On The Epistemology Of Data Science written by Wolfgang Pietsch and has been published by Springer Nature this book supported file pdf, txt, epub, kindle and other format this book has been release on 2021-12-10 with Philosophy categories.


This book addresses controversies concerning the epistemological foundations of data science: Is it a genuine science? Or is data science merely some inferior practice that can at best contribute to the scientific enterprise, but cannot stand on its own? The author proposes a coherent conceptual framework with which these questions can be rigorously addressed. Readers will discover a defense of inductivism and consideration of the arguments against it: an epistemology of data science more or less by definition has to be inductivist, given that data science starts with the data. As an alternative to enumerative approaches, the author endorses Federica Russo’s recent call for a variational rationale in inductive methodology.
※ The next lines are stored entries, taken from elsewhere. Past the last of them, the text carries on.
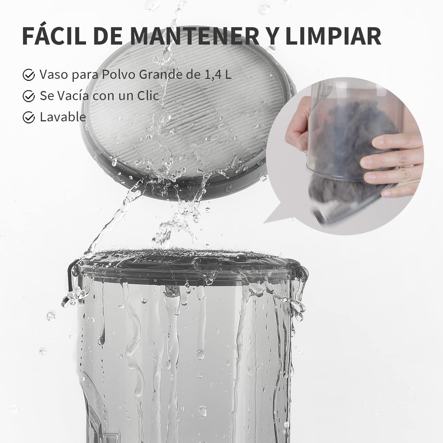 - Caja de Polvo Fácil de Vaciar y Limpiar: La caja de polvo tiene una capacidad de hasta 1,5 litros y es lavable y extraíble. El vaciado del depósito de polvo con un solo toque Evita que se peguen las pelusas y es lavable con agua. El aspirador puede ayudarlo eficazmente a mantener limpio su hogar, y no necesitará tiempo extra de limpieza después de acicalar a su mascota.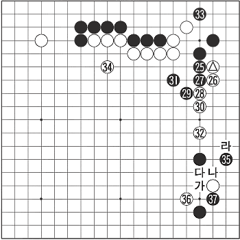 35·Î ¡®°¡¡¯¸é ¹é ¡®³ª¡¯, Èæ ¡®´Ù¡¯, ¹é ¡®¶ó¡¯ ´ÙÀ½ Èæ 37ÀÌ ºÒ°¡ÇÇÇÒ ¶§ ¹éÀÌ ÁÂÇϱͷΠ°£´Ù. ±×·¸´ÙÇØµµ 35´Â ¸Å¿ì °Ý·ÄÇÑ ¼ö. 37 ¶ÇÇÑ Âü°í 3µµÀÇ Æò¹üÀ» °ÅºÎÇÑ °°æÃ¥ÀÌ´Ù. ¸ñÁø¼®Àº ÀÛ½ÉÇÑ µí ¸ö½Î¿òÀ» À¯µµÇϰí ÀÖ´Ù.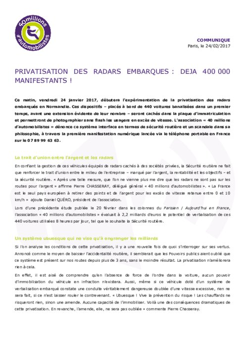 L’expérimentation de la privatisation des radars embarqués en Normandie a débuté vendredi 24 janvier 2017. Ces dispositifs – placés à bord de 440 voitures banalisées dans un premier temps, sont cachés dans la plaque d’immatriculation et permettront de photographier sans flash les usagers en excès de vitesse. L’association 40MA dénonce ce système interface en termes de sécurité routière et ce scandale dans sa philosophie à travers la 1ère manifestation numérique lancée via le 07 89 99 63 63.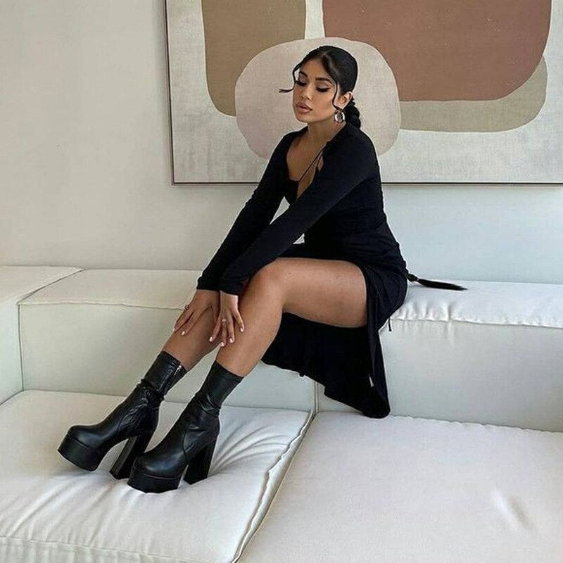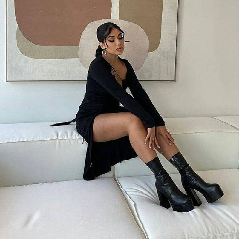 Fake Two Piece Commuter Sling Short Skirt High Waist Long Sleeve Split Mid-length Skirt Sexy Hollow Out Patchwork Women Dress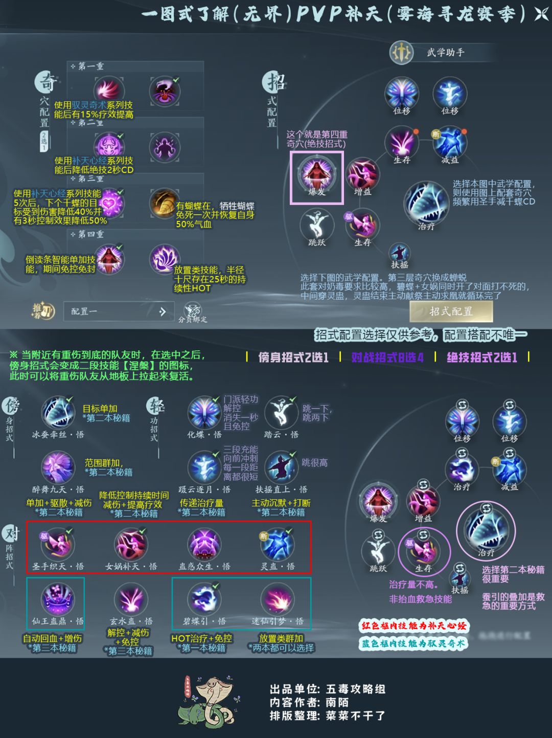 #PVE补天 # 作者:角角 #PVP补天 # 作者:南陌 ———————————————— 本篇内容基于“雾海寻龙”游戏版本 所有数据皆应以游戏数据为准 攻略内容仅供参考并非绝对 如有疑问&错误欢迎指正提出 谢绝一切形式的讨论字典研究生命的意义 攻略版权归攻略组作者所有请勿随便改动转载 #剑网3无界攻略 #剑网3五毒 #剑网3无界 #游戏攻略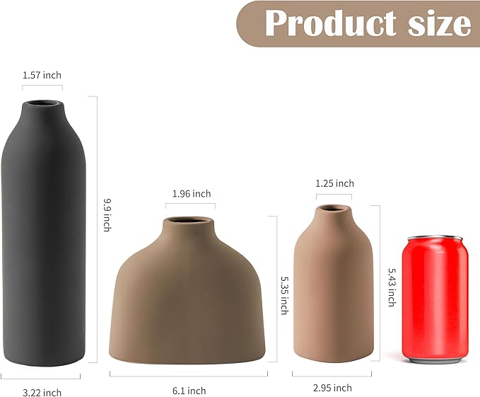 • Living Room Decor and Accessories – (Dimensions: 9.9” x 3.22”; 6.1”L x 1.96”W; 5.35”L x 2.95”) These vases are the ideal home house decor, effortlessly complementing any room or style. Whether your aesthetic is boho, modern farmhouse, rustic, or cottagecore, this versatile set brings a timeless, elegant touch to your space.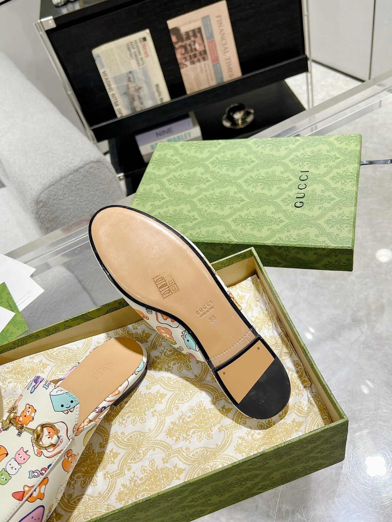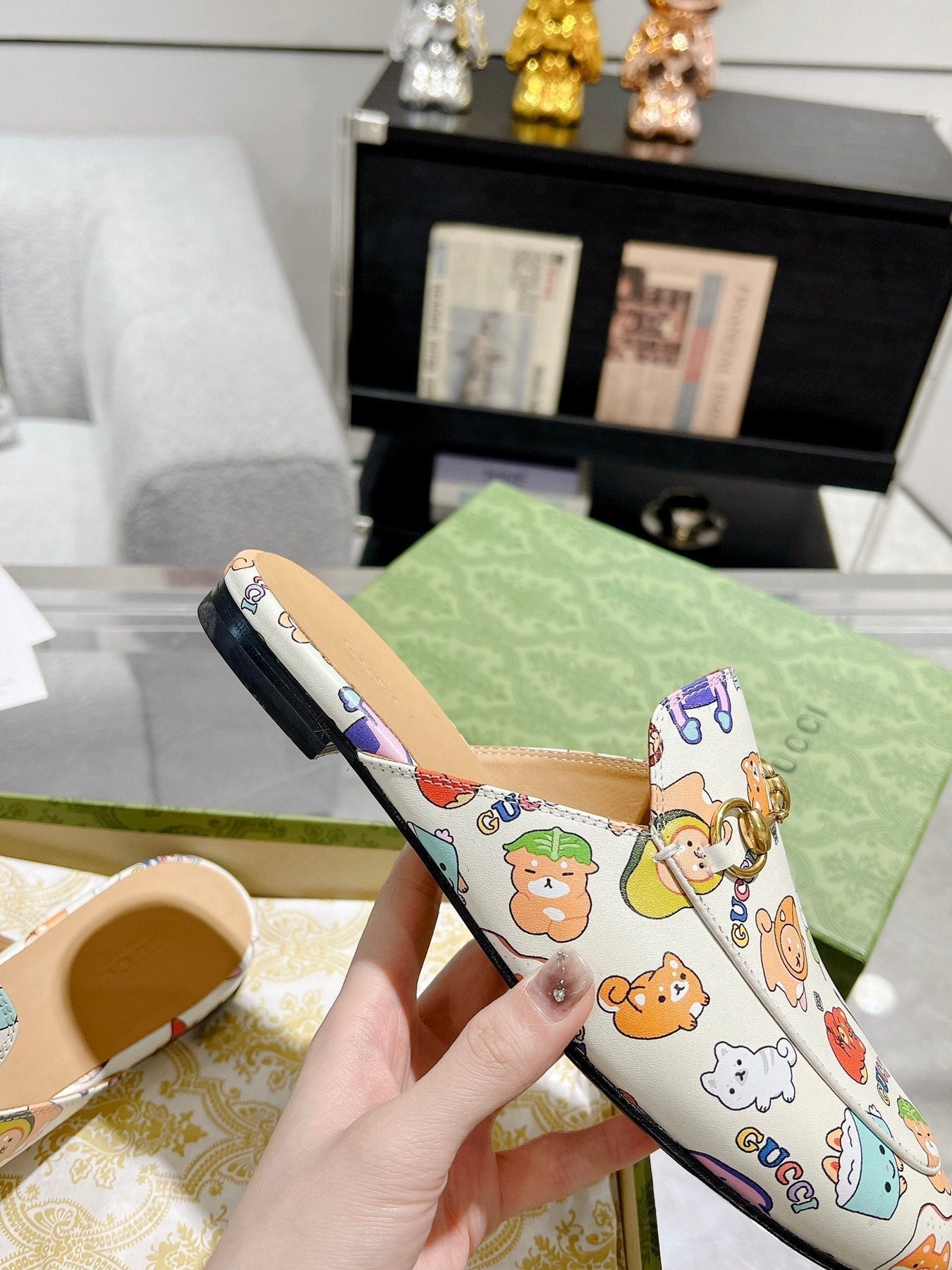 HORSEBIT SLIPPER MULE WITH CUTE ANIMAL PRINT IN WHITE CALFSKIN
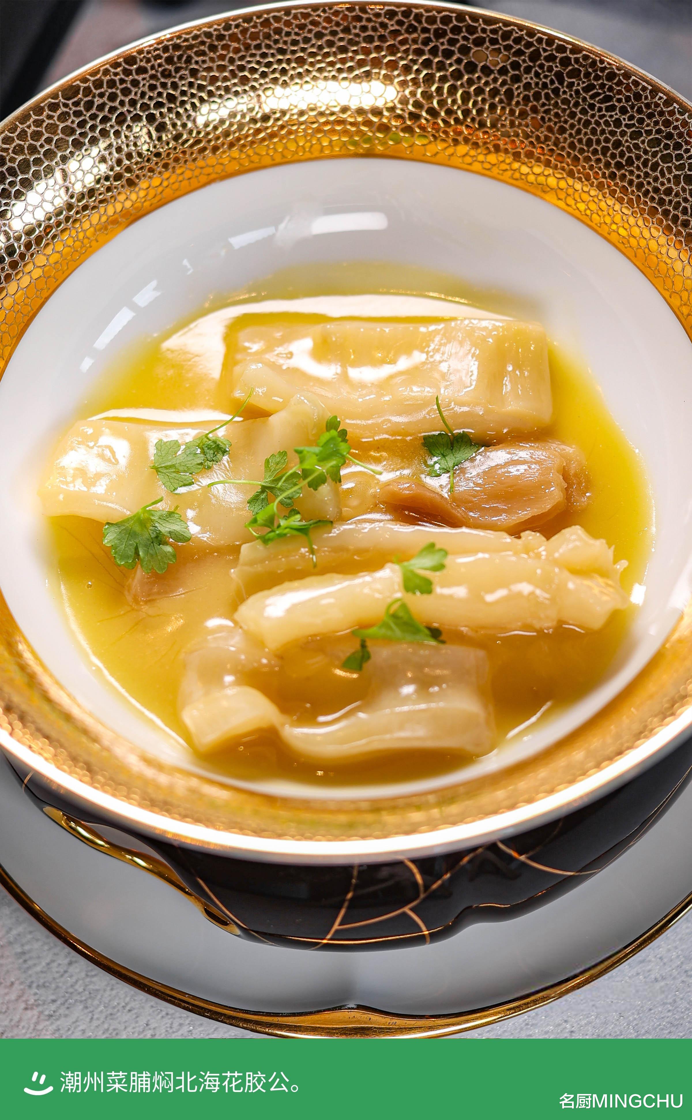 潮州菜脯焖北海花胶公“潮州菜脯焖北海花胶公,是一道经典潮菜。”辉师傅选用来自于南美洲的四头北海花胶公和潮汕当年新发酵的菜脯,“花胶在焖煮的过程中充分吸收菜脯自然发酵的香气,菜脯的酸甜被花胶充分吸收。在我们烹饪的手法中,一种叫调味,一种叫借味,就是有味使其出,无味使其入。”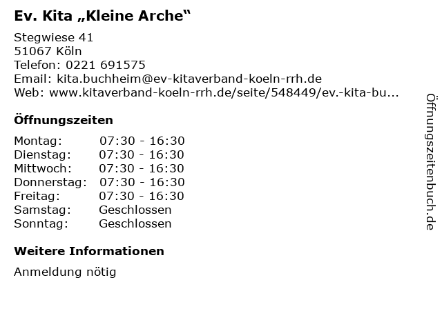 | Öffnungszeiten Ev. Kita „Kleine Arche“ in Köln anzeigen | |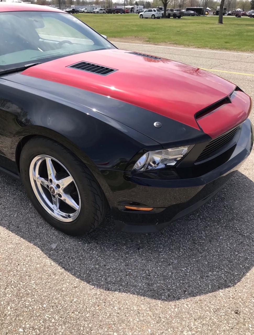 The ceramic black Cerakote finish on these hood pins blends nicely with the overall paint job on this Mustang.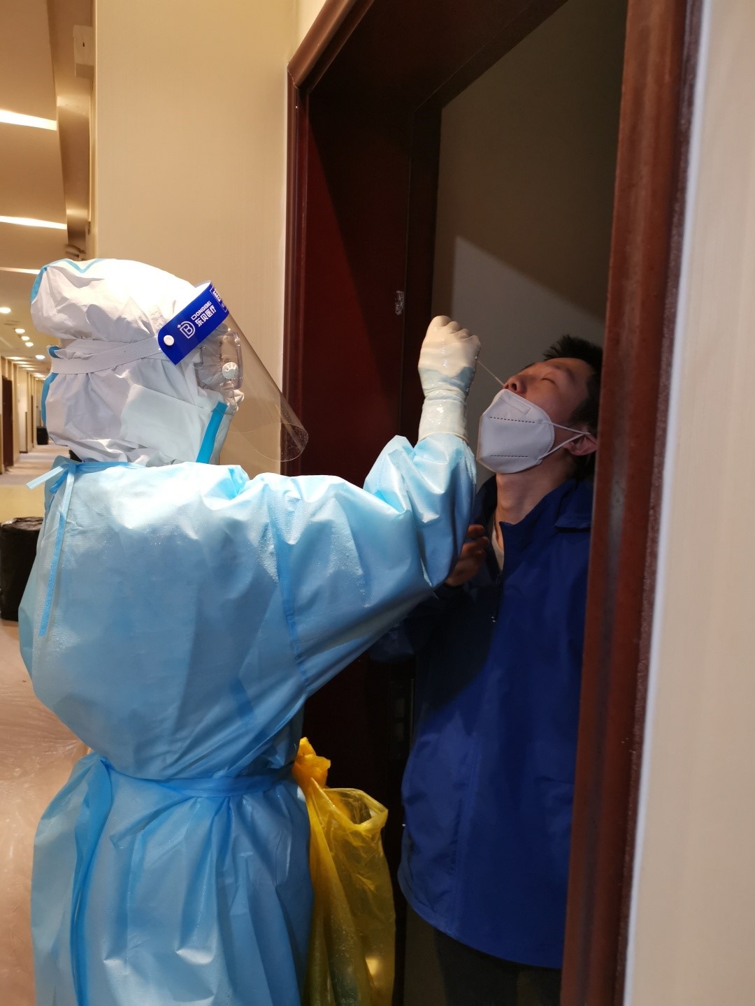 邓越赶赴隔离酒店时,王宇航还奋战在核酸采集一线,密接酒店的工作让时间更显紧迫,环境消杀,鼻拭子、环境样本采集,体温健康监测,还要做好每名密接者的解释安抚工作……有时还要进行补采,18:00全副武装,直至22:00才采样完毕,第2天又是相同的工作,在工作中,邓越还要忍受过敏导致的鼻腔堵塞等一系列症状,充分展现了共产党员的担当。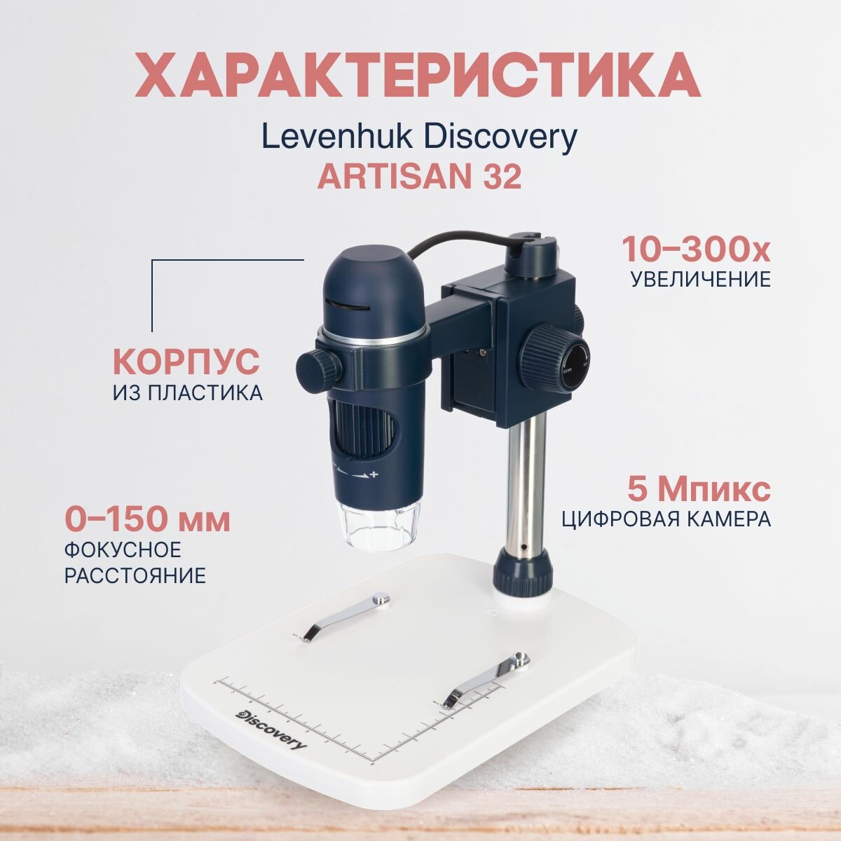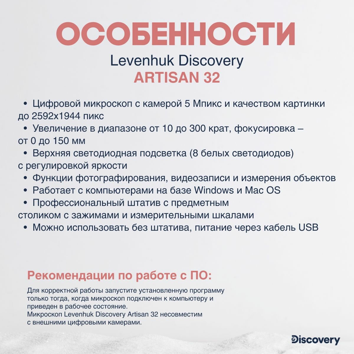 Discovery Artisan 32 – это цифровой USB-микроскоп с профессиональным штативом. Прибор прекрасно подойдет для выполнения профессиональных задач нумизмата, мастера сервисного центра, ювелира, часового мастера, реставратора, также его можно использовать для разных хобби. Для вывода изображения на внешний экран микроскоп следует подключать к компьютеру через разъем USB, также потребуется установка специальной программы (в комплекте). Микроскоп позволяет фотографировать и записывать видео, выполнять линейные и угловые измерения, рассчитывать диаметр, радиус и проч. Внутри установлена 5-мегапиксельная камера, вокруг объектива которой расположены 8 белых светодиодов. При слабом внешнем освещении рекомендуется использовать подсветку, ее яркость можно регулировать. Рассматривать образцы можно на увеличении от 100 до 300 крат – это очень хороший диапазон для микроскопа для прикладных работ. Фокусное расстояние выбирается вручную, настройка возможна в пределах от-до 150 мм. Максимальное разрешение изображения, которое создает микроскоп, составляет 2592x1944 пикс. Микроскоп установлен на штатив, но может использоваться и без него. Основание штатива представляет собой предметный столик с двумя металлическими зажимами и измерительными шкалами. Корпус прибора покрыт нескользящей и приятной на ощупь резиной, которая делает хват более надежным и защищает от мелких царапин. Микроскоп Discovery Artisan 32 – прекрасный профессиональный инструмент и хороший помощник в хобби, так как он прост в управлении и имеет множество полезных функции. Совместим с компьютерами с операционными системами Windows и Mac OS. Питание – через кабель USB. Основные особенности: Цифровой микроскоп с камерой 5 Мпикс и качеством картинки до 2592x1944 пикс Увеличение в диапазоне от 10 до 300 крат, фокусировка – от-до 150 мм Верхняя светодиодная подсветка (8 белых светодиодов) с регулировкой яркости Функции фотографирования, видеозаписи и измерения объектов Работает с компьютерами на базе Windows и Mac OS Профессиональный штатив с предметным столиком с зажимами и измерительными шкалами Можно использовать без штатива, питание через кабель USB Комплектация: Микроскоп Discovery Artisan 32 с USB-кабелем Профессиональный штатив Основание с измерительной шкалой Шкала калибровки Компакт-диск с программным обеспечением Инструкция по эксплуатации и гарантийный талон Рекомендации по работе с ПО: для корректной работы запустите установленную программу только тогда, когда микроскоп подключен к компьютеру и приведен в рабочее состояние. Микроскоп Discovery Artisan 32 несовместим с внешними цифровыми камерами.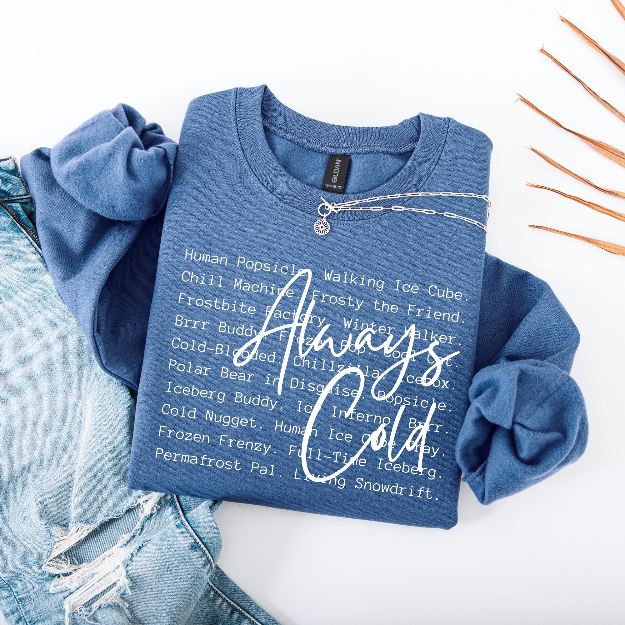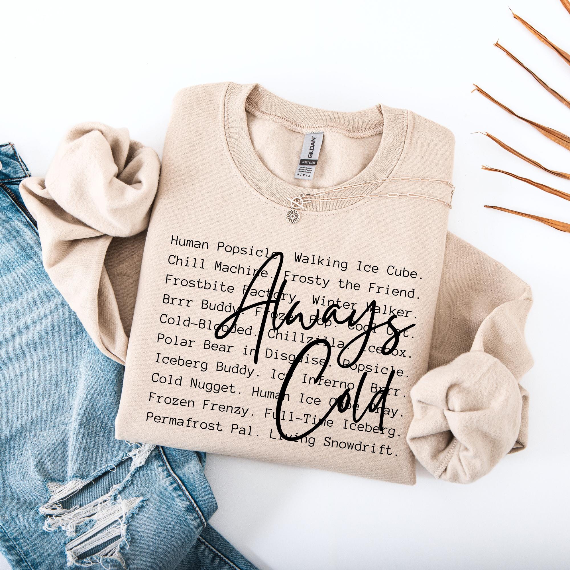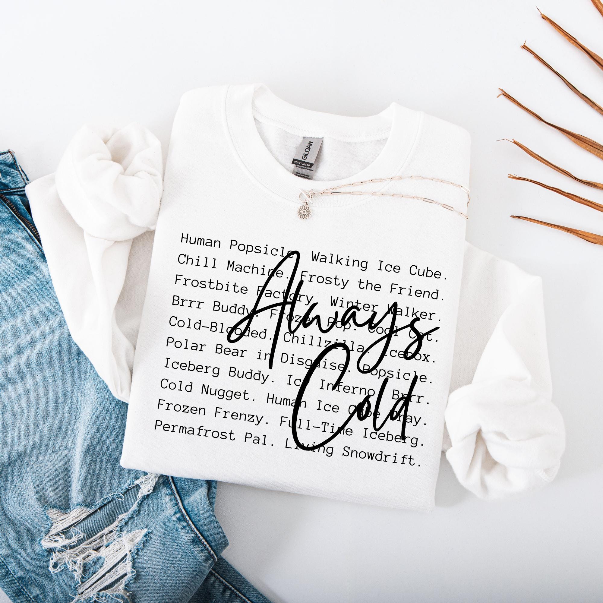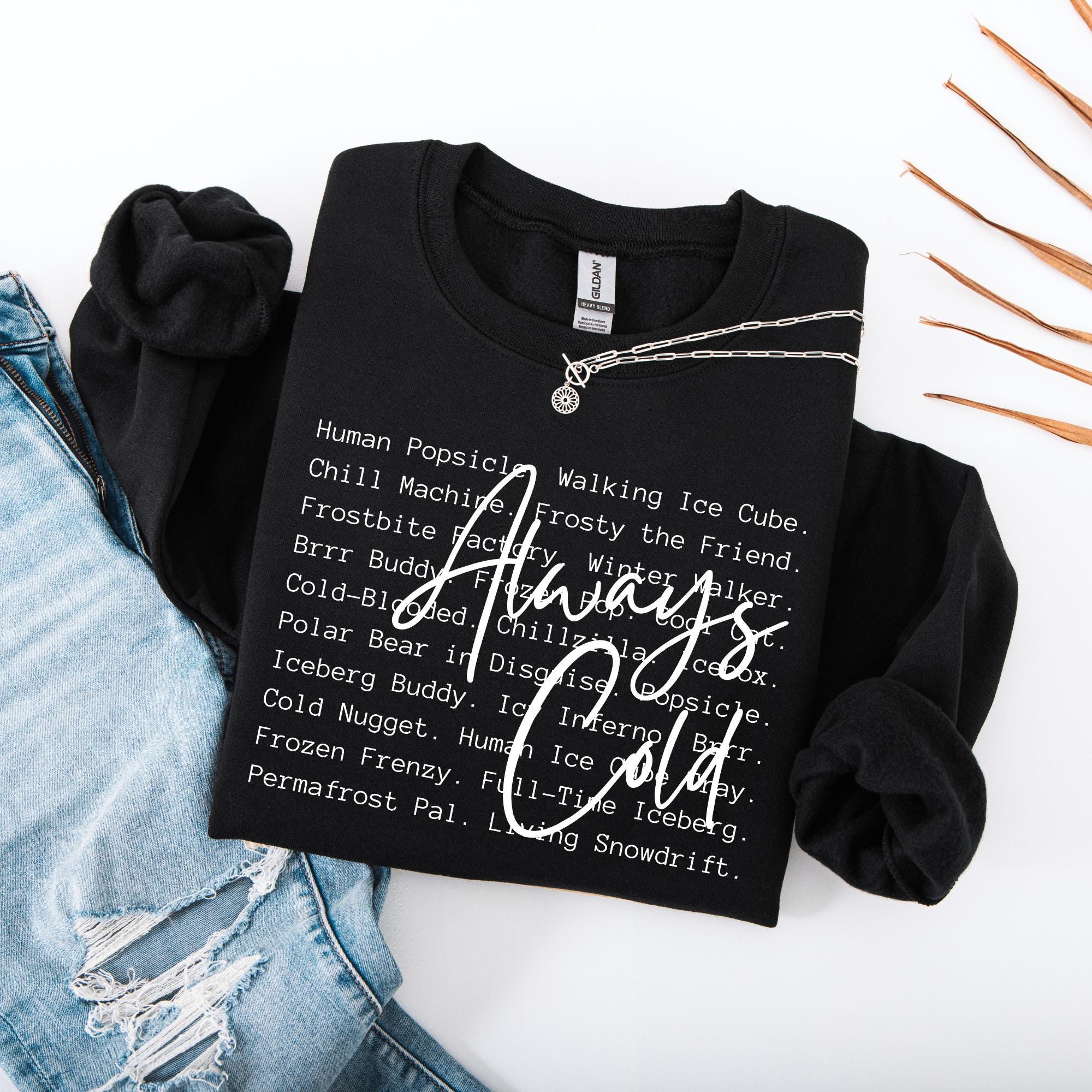 If you’re the one who always brings a blanket to movie night, keeps the thermostat at “tropical,” or constantly hears “how are you cold AGAIN?”—this sweatshirt was made for you. Featuring a playful block text of every chilly nickname (think Human Popsicle, Walking Ice Cube, Frostbite Fairy) layered with a bold handwritten Always Cold, this cozy crewneck is both funny and relatable.

Chapters then address some of the key concepts of an inductivist methodology including causation, probability and analogy, before outlining an inductivist framework. The inductivist framework is shown to be adequate and useful for an analysis of the epistemological foundations of data science. The author points out that many aspects of the variational rationale are present in algorithms commonly used in data science. Introductions to algorithms and brief case studies of successful data science such as machine translation are included. Data science is located with reference to several crucial distinctions regarding different kinds of scientific practices, including between exploratory and theory-driven experimentation, and between phenomenological and theoretical science. Computer scientists, philosophers and data scientists of various disciplines will find this philosophical perspective and conceptual framework of great interest, especially as a starting point for further in-depth analysis of algorithms used in data science.